Once the kernel is compiled and started it will detect the 3 iic devices.  The relevant lines from the boot log are:

iichb0: <I2C bus controller> mem 0x21a0000-0x21a3fff irq 68 on simplebus2
iicbus0: <OFW I2C bus> on iichb0
iic0: <I2C generic I/O> on iicbus0
iichb1: <I2C bus controller> mem 0x21a4000-0x21a7fff irq 69 on simplebus2
iicbus1: <OFW I2C bus> on iichb1
iic1: <I2C generic I/O> on iicbus1
iichb2: <I2C bus controller> mem 0x21a8000-0x21abfff irq 70 on simplebus2
iicbus2: <OFW I2C bus> on iichb2
iic2: <I2C generic I/O> on iicbus2

You should have 3 iic devices in the /dev/ directory

crw------- 1 root wheel 0x20 Jul 6 01:23 iic0
crw------- 1 root wheel 0x21 Jul 6 01:23 iic1
crw------- 1 root wheel 0x22 Jul 6 01:23 iic2

You can check which devices are specified in the dts file, using ofwdump.
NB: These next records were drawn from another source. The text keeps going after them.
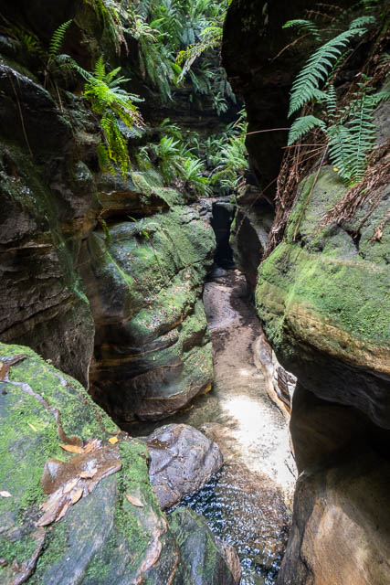 We met another party at the last swim. They had been down Claustral Canyon. After a break we climbed out and around to Rainbow Ravine. Then up that to emerge into the heat above. We stopped for a rest on a rock, then continued on to the causeway that connects Camels Hump to Mt Tomah. At the start of the causeway, there is a turn off track that follows a short-cut route back towards the entrance gully for Claustral. This route seems to be used by some commercial and private parties, but NPWS ask canyoners to go across the causeway and follow the old track down into the upper part of the canyon, then continue downstream to reach that same Claustral entrance gully, and exit up it.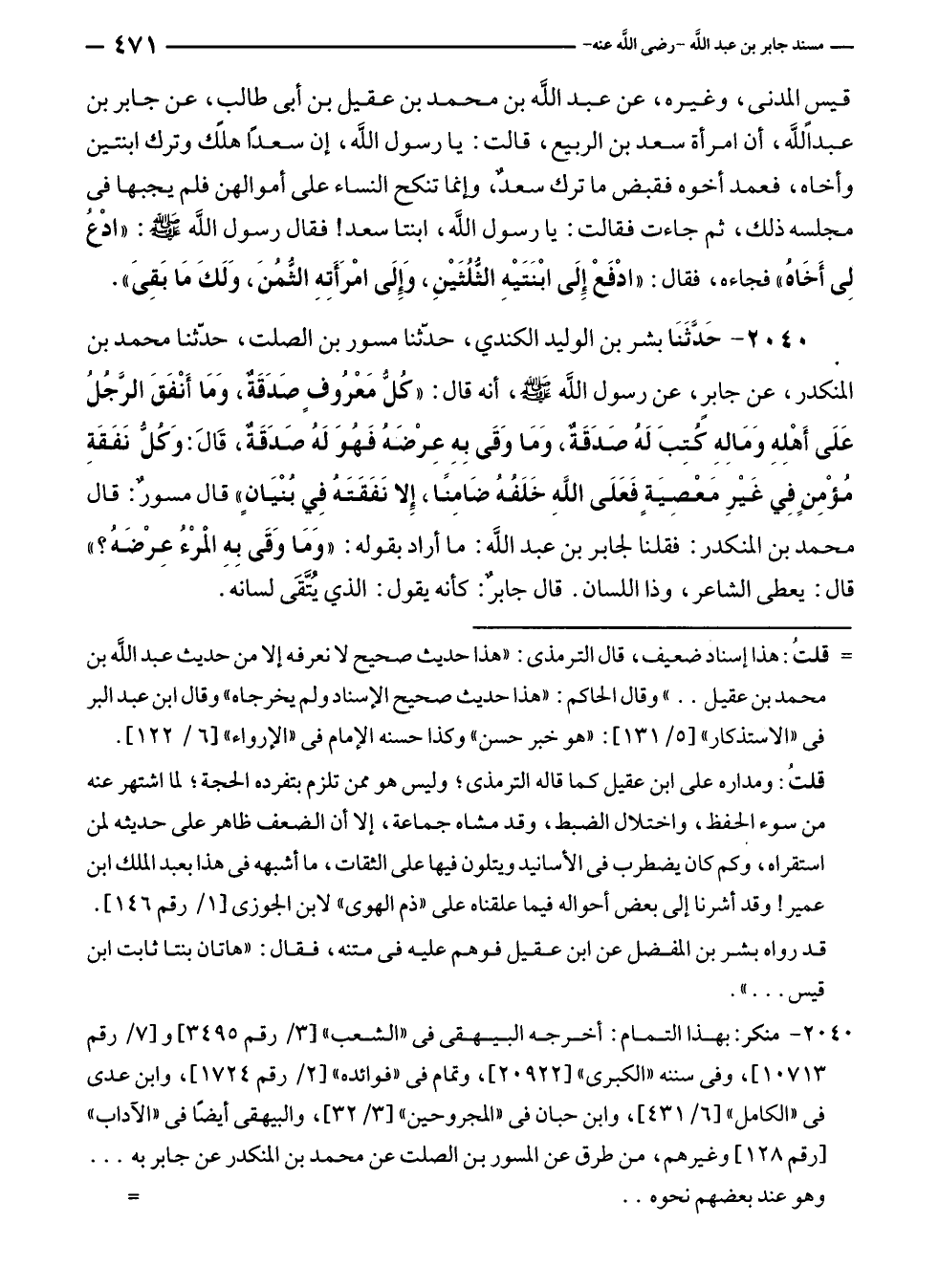 ٢٠٤٠ - حَدَّثَنَا بشر بن الوليد الكندي، حدّثنا مسور بن الصلت، حدّثنا محمد بن المنكدر، عن جابرٍ، عن رسول الله - صلى الله عليه وسلم -، أنه قال: "كُلُّ مَعْرُوفٍ صَدَقَةٌ، وَمَما أَنْفَقَ الرَّجُل عَلَى أَهْلِهِ وَمَالِهِ كُتِبَ لَهُ صَدَقَةٌ، وَمَا وَقَى بِهِ عِرْضهُ فَهوَ لَهُ صَدَقَةٌ، قَالَ: وَكُلُّ نَفَقَةِ مُؤْمِنٍ فِي غَيْرِ مَعْصِيَةٍ فَعَلَى اللَّهِ خَلَفُهُ ضَامِنًا، إلا نَفَقَتَهُ فِي بنْيَانٍ" قال مسورٌ: قال محمد بن المنكدر: فقلنا لجابر بن عبد الله: ما أراد بقوله: "وَمَا وَقَى بِهِ المرْءُ عِرْضَهُ؟ " قال: يعطى الشاعر، وذا اللسان. قال جابرٌ: كأنه يقول: الذي يُتَّقَى لسانه.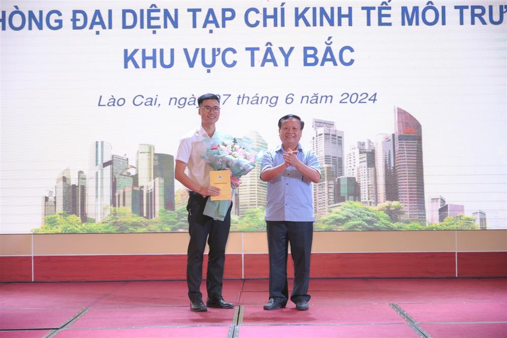 Tại buổi lễ, PGS.TS Trương Mạnh Tiến đã trao Quyết định thành lập Văn phòng đại diện Tạp chí Kinh tế Môi trường khu vực Tây Bắc tại Lào Cai và Quyết định bổ nhiệm Trưởng Văn phòng Đại diện cho Ths. Nhà báo Hà Đức Mậu, quyết định bổ nhiệm Phó Trưởng Văn phòng Đại diện cho Nhà báo Lê Văn Mạnh.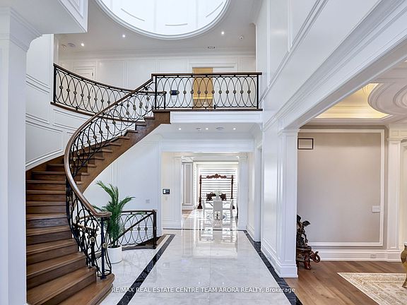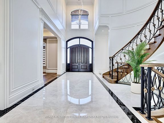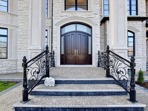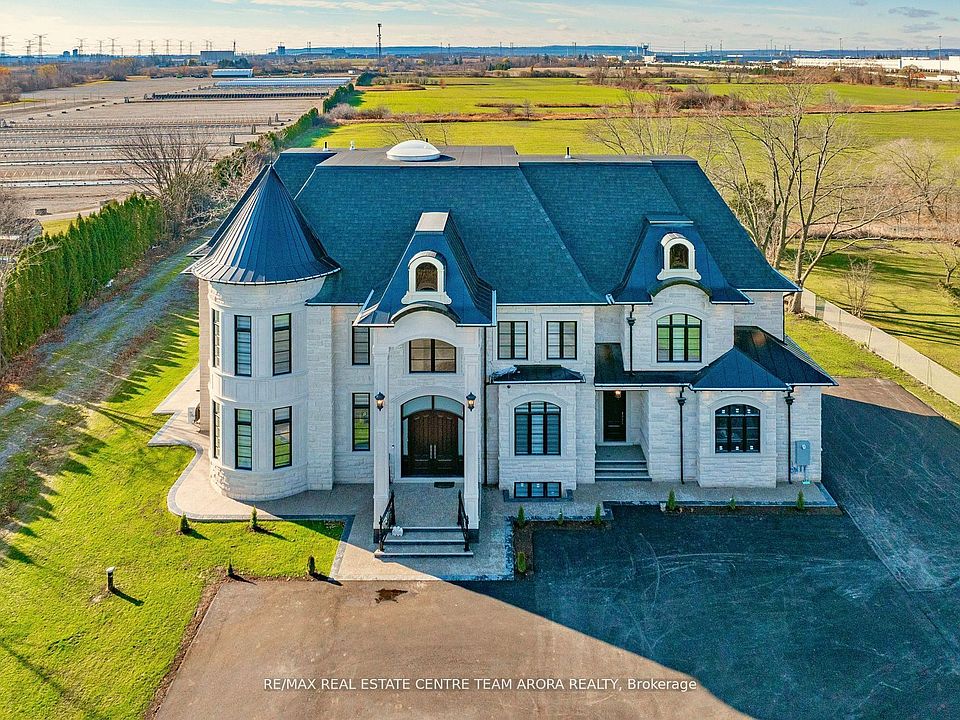 Welcome to this beautiful custom-built home sitting on a 132 ft x 250 ft lot in peaceful countryside, Milton. As you walk in, you're greeted by a stunning 37-ft high domed ceiling, giving a grand and open feeling right from the start. The home features 11-ft ceilings on the main floor, 10-ft on the second, and 9-ft in the basement. Enjoy elegant crown molding, paneled walls, and hardwood flooring throughout. The modern kitchen comes with JennAir appliances, a unique Titanium Leather-finish countertop, a spice kitchen, and a walk-in pantry perfect for cooking and entertaining. Relax in the cozy family room with a gas fireplace, or host in the formal living and dining rooms. There's also a bright breakfast area with a walkout to the backyard, and a study room ideal for working from home. A main-floor bedroom with its own ensuite makes this home great for large or multigenerational families. Upstairs, the master bedroom includes a private balcony, a large walk-in closet, and a luxury 5-piece ensuite. Every other bedroom also has its own private bathroom for added comfort. The finished basement offers a 2-bedroom unit with a modern kitchen, a home gym, cold storage, and a large rec area perfect for extended family or rental use. The home also includes a central water filtration system for clean water throughout. Located close to Milton GO Station, Highways 401 & 407, Toronto Premium Outlets, and top schools, this home offers space, style, and comfort in one of Milton's best locations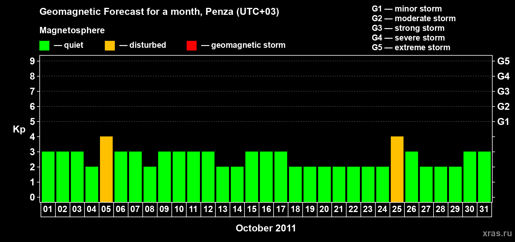 Geomagnetic storm forecast in Penza for Oct 01, 2011

root@wandboard:/dev # ofwdump -a
Node 0x38:
Node 0xa8: cpus
Node 0xd4: cpu@0
Node 0x190: aliases
Node 0x1bc: soc@00000000
Node 0x230: generic-interrupt-controller@00a00100
Node 0x2cc: mp_tmr0@00a00200
Node 0x348: l2-cache@00a02000
Node 0x3d0: aips@02000000
Node 0x458: ccm@020c4000
Node 0x4b4: anatop@020c8000
Node 0x520: timer@02098000
Node 0x594: gpio@0209c000
Node 0x668: gpio@020a0000
Node 0x71c: gpio@020a4000
Node 0x7f0: gpio@020a8000
Node 0x8a4: gpio@020ac000
Node 0x958: gpio@020b0000
Node 0xa0c: gpio@020b4000
Node 0xac0: serial@02020000
Node 0xb4c: serial@021e8000
Node 0xbdc: serial@021ec000
Node 0xc6c: serial@021f0000
Node 0xcfc: serial@021f4000
Node 0xd8c: usbphy@020c9000
Node 0xe2c: usbphy@020ca000
Node 0xed0: aips@02100000
Node 0xf58: ethernet@02188000
Node 0xfec: usb@02184000
Node 0x1088: usb@02184200
Node 0x1124: usb@02184400
Node 0x11b4: usb@02184600
Node 0x1244: usbmisc@02184800
Node 0x12c4: usdhc@02190000
Node 0x1368: usdhc@02194000
Node 0x1404: usdhc@02198000
Node 0x14a8: usdhc@0219c000
Node 0x1538: i2c@021a0000
Node 0x15d0: i2c@021a4000
Node 0x1668: i2c@021a8000
Node 0x1700: ocotp@021bc000
Node 0x1750: memory
Node 0x1774: chosen

You can also check that the iic modules are compiled into the kernel, using kldstat

root@wandboard:/usr/home/tom # kldstat -v | grep iic
131 i2c/iicbus
13 iichb/iicbus
12 iicbus/iic
55 iichb/ofw_iicbus
54 iicbb/ofw_iicbus

Once you have a device connected to the wandboard, you can use the i2c command to access the devices.